▶ **TASK**:
Once the line holding "afin de protéger" is written out, stop; begin at the first line of the material below and retype exactly, dropping pictures.

▶ **THE INPUT**:
________________________________________
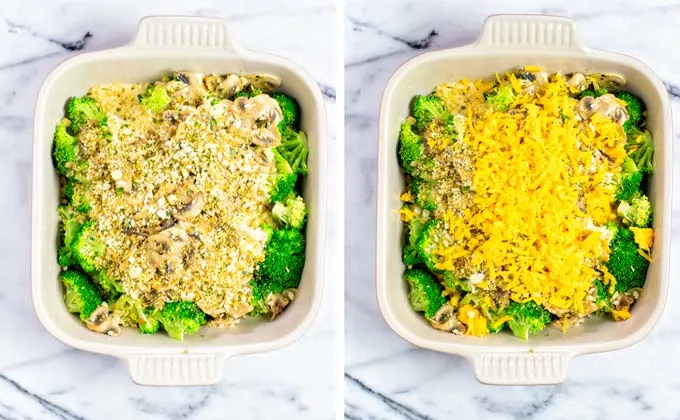 - Start with transferring the steamed broccoli florets to your 10x10 inch casserole dish. Give the sauce on top, followed by the mushroom mix, breadcrumbs and finally top with vegan cheddar. Bake for around 20 minutes, serve immediately on plates or in bowls.
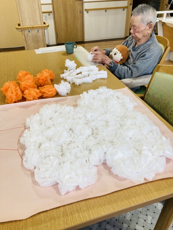 朝から和気あいあい、楽しい声が聞こえてきました♪何を作っているのでしょうか?
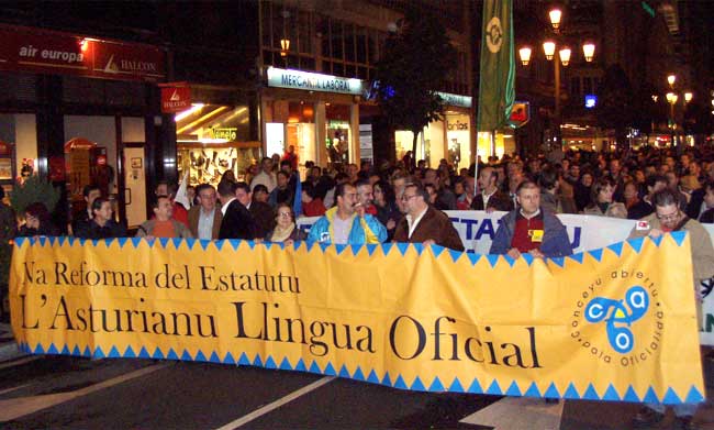 afin de protéger et promouvoir l’asturien, mais les résultats se font attendre, bien que des améliorations sensibles aient été réalisées. De son côté, la Xunta pola Defensa de la Llingua Asturiana (Junte pour la défense de la langue asturienne), un organisme voué à la promotion de l'usage et de l'enseignement de l'asturien, organise des manifestations pour faire adopter l'asturien comme langue co-officielle. Cette association a été créée en 1984 et, depuis lors, propose périodiquement diverses activités pour impliquer la société asturienne dans la défense de la langue. Quant à l'Empresarios y Profesionales EPA, un organisme privé regroupant des chefs d'entreprise et des professionnels, elle œuvre à la promotion de l'asturien dans le monde du commerce et des affaires. Cet organisme a souvent fait campagne à plusieurs occasions et a reçu des subventions de la part du gouvernement autonome.Mentionnons aussi le Conceyu Abiertu pola Oficialidá (CAO: «Conseil en faveur de l'officialité»), fondé en 2004, une association apolitique regroupant des syndicats, des partis politiques locaux et des partisans favorisant le statut co-officiel de l'asturien. Le CAO a été créé par la Xunta pola Defensa de la Llingua Asturiana («Junte pour la défense de la langue asturienne») et est actuellement appuyé par plus d'une centaine d'organisations politiques, syndicales, culturelles, professionnelles, sportives, etc. Le CAO cessera d'exister le jour où l'asturien obtiendra un statut officiel avec le castillan. D'ici là, l'organisme veut développer «un travail pédagogique et de conscientisation sociale» pour que le caractère co-officiel de l'asturien soit mené à bien à partir d'un vaste consensus social.
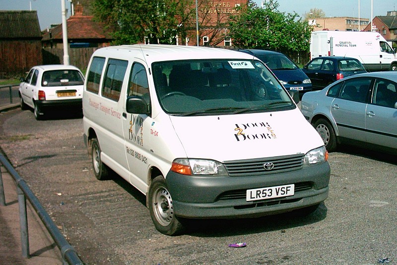 Details: We recently illustrated one of the Door-2-Door vehicles used on contract to First London from their Hackney Garage. As this view taken at Becontree Heath on 5th May 2006 shows, First's Rainham base also makes use of the firm. The vehicle this time is a Toyota Hiace minibus, carrying a white livery and the fleetnumber TA-04. It is believed that Door-2-Door also do work for a number of other organisations (including Health Trusts?) and the fleet is not dedicated in such a way that it would be worthwhile trying to list them. |
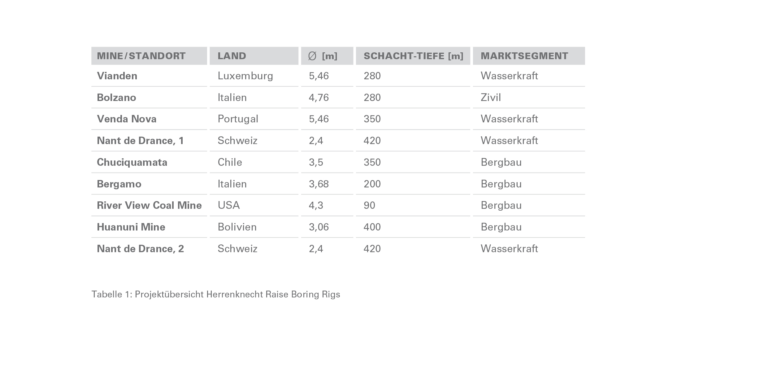 Die Raise Boring Rigs von Herrenknecht haben sich seit dem Ersteinsatz eines Prototypen im Jahr 2010 für das Wasserkraftwerk Vianden in Luxemburg [1] in einer Vielzahl von Projekten weltweit bewährt. Sowohl bei der Erstellung von Produktions- und Ventilationsschächten in Bergwerken (Kupfer, Kohle, Zinn) als auch in Infrastrukturprojekten (Druckschächte für Wasserkraftwerke, Ventilationsschächte für Straßentunnel) stellten sie ihre Leistungsfähigkeit unter Beweis (Tabelle 1: bisherige Projekte). Heute bietet Herrenknecht eine Produktpalette mit vier RBR-Typen an.
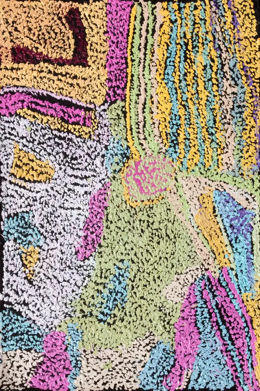 This painting depicts the country known as Parwalla, which is Nyumi’s father’s country. This country is far to the south of Balgo in the Great Sandy Desert, west of Kiwirrkurra, and is dominated by tali (sand hills). Parwalla is a large swampy area, which fills with water after the wet season rain and consequently produces an abundance of bush foods. The majority of Nyumi’s painting shows the different bush foods, including kantjilyi (bush raisin), pura (bush tomato) and minyili (seed). Women, shown as the U shapes, with their wana (digging sticks) and coolamons gathering the foods are also depicted. The whitish colours, which dominate the painting, represent the spinifex that grows strong and seeds after the wet season rains. These seeds are white in colour, and grow so thickly they obscure the ground and other plants below.
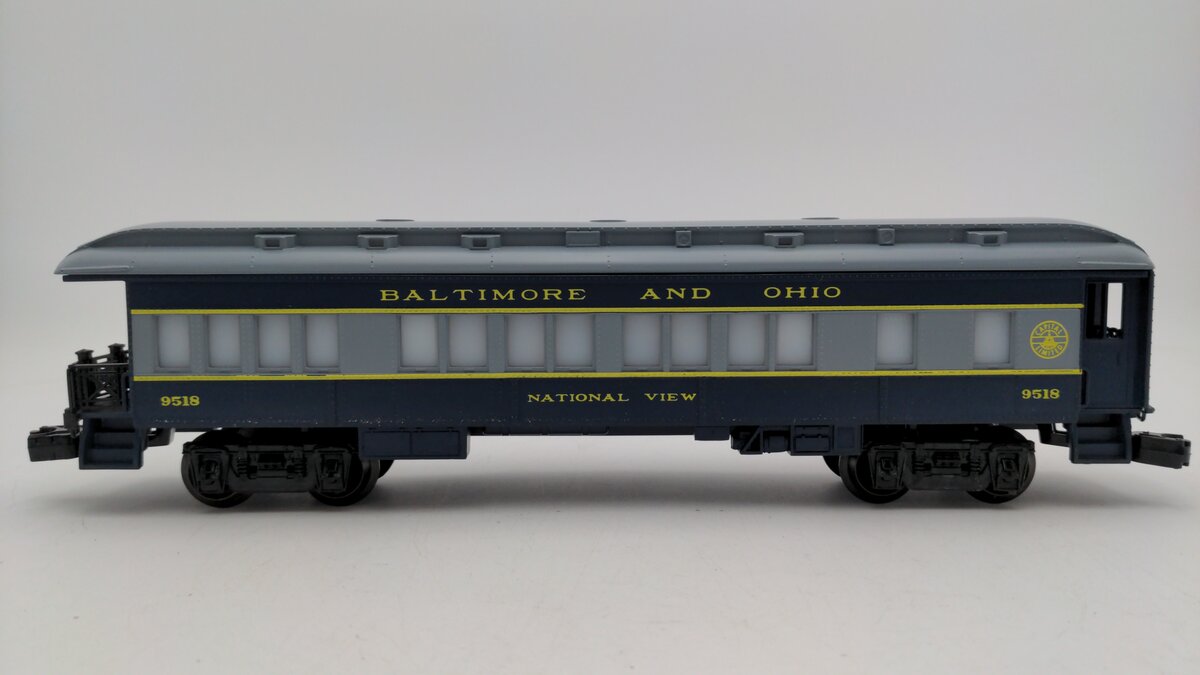 Here is a Lionel 6-9518 O Gauge Baltimore and Ohio National View Observation Car from 1975. It features a durable ABS body, an illuminated interior, plastic trucks with a fixed knuckle coupler and it measures 12 inches long.
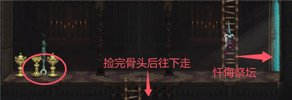 在一堆圣杯当中捡到妓女琼恩的髋骨。髋骨这层右边的门是去忏悔祭坛。如果需要捡尸就去一下。之后沿着梯子往下走。
________________________________________
▶ **ANSWER FOR THIS EXERCISE**:
 - Start with transferring the steamed broccoli florets to your 10x10 inch casserole dish. Give the sauce on top, followed by the mushroom mix, breadcrumbs and finally top with vegan cheddar. Bake for around 20 minutes, serve immediately on plates or in bowls.
 朝から和気あいあい、楽しい声が聞こえてきました♪何を作っているのでしょうか?
 afin de protéger et promouvoir l’asturien, mais les résultats se font attendre, bien que des améliorations sensibles aient été réalisées. De son côté, la Xunta pola Defensa de la Llingua Asturiana (Junte pour la défense de la langue asturienne), un organisme voué à la promotion de l'usage et de l'enseignement de l'asturien, organise des manifestations pour faire adopter l'asturien comme langue co-officielle. Cette association a été créée en 1984 et, depuis lors, propose périodiquement diverses activités pour impliquer la société asturienne dans la défense de la langue. Quant à l'Empresarios y Profesionales EPA, un organisme privé regroupant des chefs d'entreprise et des professionnels, elle œuvre à la promotion de l'asturien dans le monde du commerce et des affaires. Cet organisme a souvent fait campagne à plusieurs occasions et a reçu des subventions de la part du gouvernement autonome.Mentionnons aussi le Conceyu Abiertu pola Oficialidá (CAO: «Conseil en faveur de l'officialité»), fondé en 2004, une association apolitique regroupant des syndicats, des partis politiques locaux et des partisans favorisant le statut co-officiel de l'asturien. Le CAO a été créé par la Xunta pola Defensa de la Llingua Asturiana («Junte pour la défense de la langue asturienne») et est actuellement appuyé par plus d'une centaine d'organisations politiques, syndicales, culturelles, professionnelles, sportives, etc. Le CAO cessera d'exister le jour où l'asturien obtiendra un statut officiel avec le castillan. D'ici là, l'organisme veut développer «un travail pédagogique et de conscientisation sociale» pour que le caractère co-officiel de l'asturien soit mené à bien à partir d'un vaste consensus social.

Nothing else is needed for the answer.